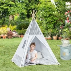 Cette belle tente tipi pour enfants apporte une grande joie à vos enfants adorés. Ce tipi pour enfants, aux dimensions de 115 x 115 x 160 cm, offre suffisamment d’espace pour jouer à l’intérieur. Vos enfants vont adorer beaucoup le motif d’ étoile mignon sur la tente. La maison de jeu dispose de poteaux en plastique, ce qui la rend robuste et stable sur le sol. La toile de tente est fabriquée en polyester solide et durable pour des années d’utilisation. Vous pouvez facilement ranger la tente dans le sac de transport inclus lorsqu’elle n’est pas utilisée ou l’emporter à l’extérieur.
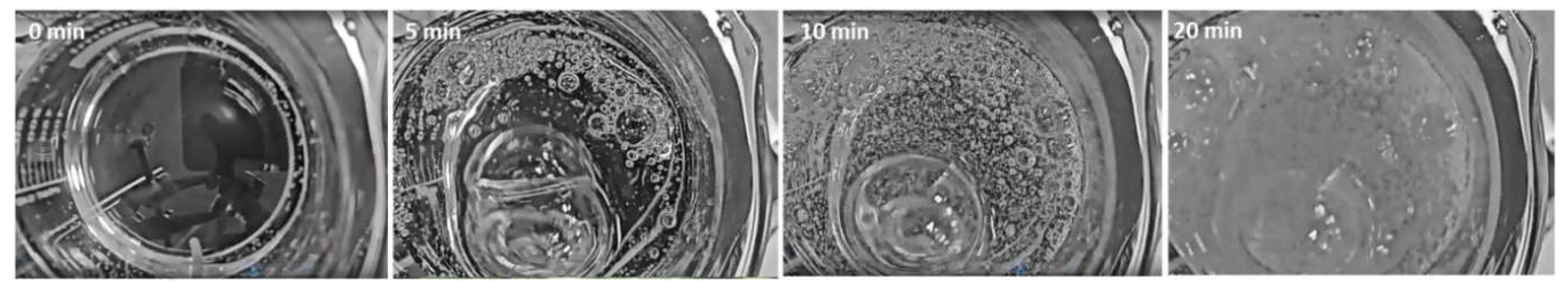 - Reactor n°1. The reactor is a cylindrical glass beaker with a diameter of 85 mm and a height of 105 mm, filled with the molten sugar alcohol (SA) up to 60 mm of height. Air bubbles are generated at the bottom of the vessel by a single tube connected to a pump. The inner diameter of the tube is 3 mm. The pump can provide an air flow rate of 80 L·h−1.
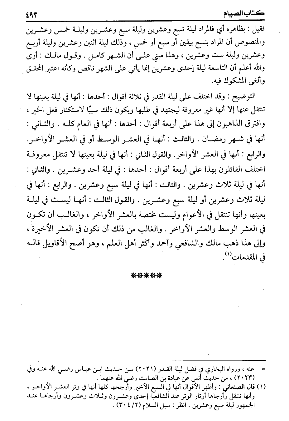 فقيل بظاهره أي فالمراد ليلة تسع وعشرين وليلة سبع وعشرين وليلة خمس وعشرين والمنصوص أن المراد بتسع بيقين أو سبع أو خمس وذلك ليلة اثنين وعشرين وليلة أربع وعشرين وليلة ست وعشرين وهذا مبني على أن الشهر كامل وقول مالك أرى والله أعلم أن التاسعة ليلة إحدى وعشرين إنما يأتي على الشهر ناقص وكأنه اعتبر المحقق وألغى المشكوك فيه، لتجديدها ويصدق مع عدم التتابع وانقطاعه كالحائض والمسافر والمريض إذا أفطر ثم أراد الصوم فلا بد لهما من تجديدها أيضا ثم ان كان صومها بعد أن حضر المسافر وصح المريض كفتهما نية واحدة لبقية الصوم وإن كان صوم المسافر في السفر وصوم المريض في المرض فلابد لهما من التجديد كل ليلة حتى ينقضي السبب الذي نفى وجوب التتابع وهو المرض والسفر كما مر قريباً عن العتبية وهذا التفصيل جار في رمضان مطلقا وفي الكفارات الواجب تتابعها باعتبار المرض إذا أفطر له وأما باعتبار السفر فلا، لأنه إذا أفطر له انقطع تتابعه وابتدأ الصوم من أوله كما يأتي فلا يتصور فيه تجديد النية لبقية الصوم وأنظر إذا سافر في صيام الكفارات ولم يفطر في سفره أو مرض وتكلف الصوم هل يجب عليه تجديد النية كل ليلة كما في رمضان على قول التوضيح وقد اختلف على ليلة القدر في ثلاثة أقوال أحدها أنها في ليلة بعينها لا تنتقل عنها إلا أنها غير معروفة ليجتهد في طلبها ويكون ذلك سببا لاستكثار فعل الخير وافترق الذاهبون الى هذا على أربعة أقوال أحدها أنها في العام كله والثاني أنها في شهر رمضان والثالث أنها في العشر الوسط أو في العشر الأواخر والرابع أنها في العشر الأواخر والقول الثاني أنها في ليلة بعينها لا تنتقل معروفة اختلف القائلون بهذا على أربعة أقوال أحدها في ليلة أحد وعشرين والثاني أنها في ليلة ثلاث وعشرين والثالث أنها في ليلة سبع وعشرين والرابع أنها في ليلة ثلاث وعشرين أو ليلة سبع وعشرين والقول الثالث أنها ليست في ليلة بعينها وأنها تنتقل في الأعوام وليست مختصة بالعشر الأواخر والغالب أن تكون في العشر الوسط والعشر الأواخر والغالب من ذلك أن تكون في العشر الأخيرة وإلى هذا ذهب مالك والشافعي وأحمد وأكثر أهل العلم وهو أصح الأقاويل قاله في المقدمات
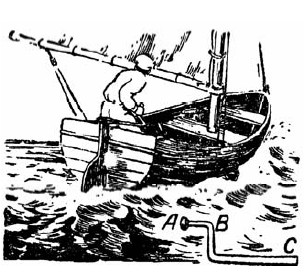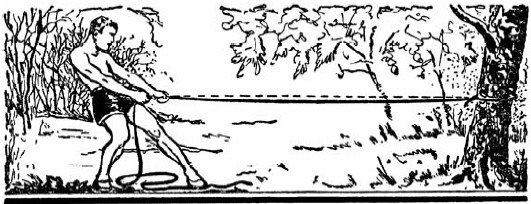 Чтобы вытащить увязший в выбоине автомобиль, прибегают к следующему приему. Привязывают его длинной прочной веревкой крепко к дереву или к пню близ дороги так, чтобы веревка была натянута возможно туже. Затем тянут за веревку под прямым углом к ее направлению. Благодаря этому усилию, автомобиль сдвигается с места.
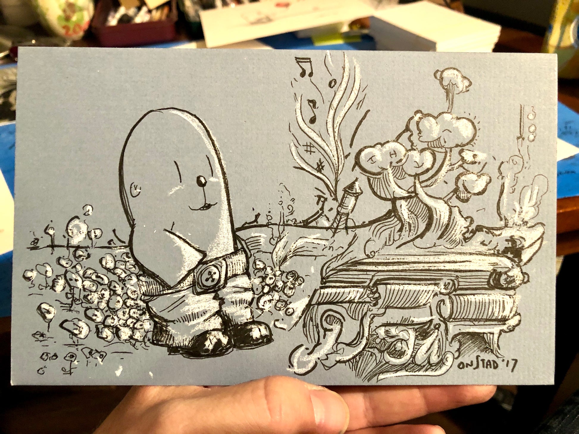 Rejected* by the Library of Congress as the signature illustration for the 2017 Summer Reading Program, here we see Philippe encountering what seems to be a magical tome or grimoire on a curious pedestal in the middle of an effervescent landscape. 5" x 8", Micron pen and white pencil on thick 1/16" paperboard. Dated 2017.
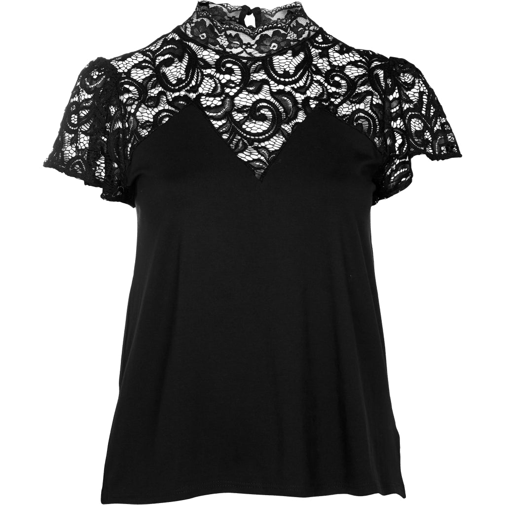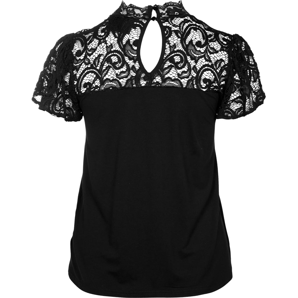 Jersey-T-shirt med vackraste spetsdetaljer över bröstet, på axlarna och vid halsen. Baktill finns en fin droppformad stängning.
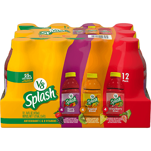 Quench your thirst with the refreshing taste of V8 Splash® Berry Blend, Tropical Blend and Strawberry Kiwi Flavored Juice Beverages. Each 5% juice blend is made from the concentrated juices of vegetables with the natural flavors of fruit for a tasty drink with a satisfying splash of delicious fruit flavor. V8 Splash® juice beverage contains 25% less sugar than leading juice drink brands,* plus Antioxidant C and B Vitamins. It’s also gluten free and fat free. With only 80 calories per serving, V8 Splash® is a lower calorie alternative to orange juice and apple juice. Serve this fruit flavored drink in the morning or as part of an after-school snack. V8 Splash® is also delicious in homemade smoothies and makes a great mocktail or cocktail mixer. (*Per 16 fl oz: Leading shelf stable brands, 26g; Splash, 18g)
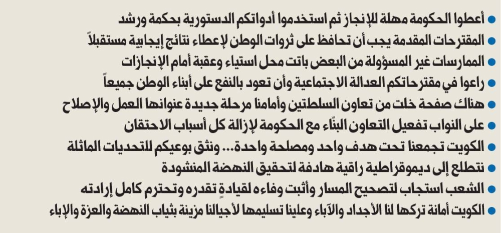 وعليكم الارتقاء بالممارسة الديموقراطية والتركيز على تعزيز دور مجلس الأمة الرقابي وتفعيل دوره التشريعي بما يحقق طموح المواطنين وتطلعاتهم، وإعطاء الحكومة مهلة كافية للإنجاز ثم استخدام الوسائل الدستورية بحكمة ورشد إذا كان لها محل والارتقاء بالخطاب البرلماني لتبقى الكويت - كما عهدها الجميع - نموذجا أصيلا في ممارسة الديموقراطية.

-------

Only one stretch of the entries above is needed: the lines from the one containing "Чтобы вытащить увязший" through the one containing "Rejected* by the". Copy it exactly, without the pictures.

 Чтобы вытащить увязший в выбоине автомобиль, прибегают к следующему приему. Привязывают его длинной прочной веревкой крепко к дереву или к пню близ дороги так, чтобы веревка была натянута возможно туже. Затем тянут за веревку под прямым углом к ее направлению. Благодаря этому усилию, автомобиль сдвигается с места.
 Rejected* by the Library of Congress as the signature illustration for the 2017 Summer Reading Program, here we see Philippe encountering what seems to be a magical tome or grimoire on a curious pedestal in the middle of an effervescent landscape. 5" x 8", Micron pen and white pencil on thick 1/16" paperboard. Dated 2017.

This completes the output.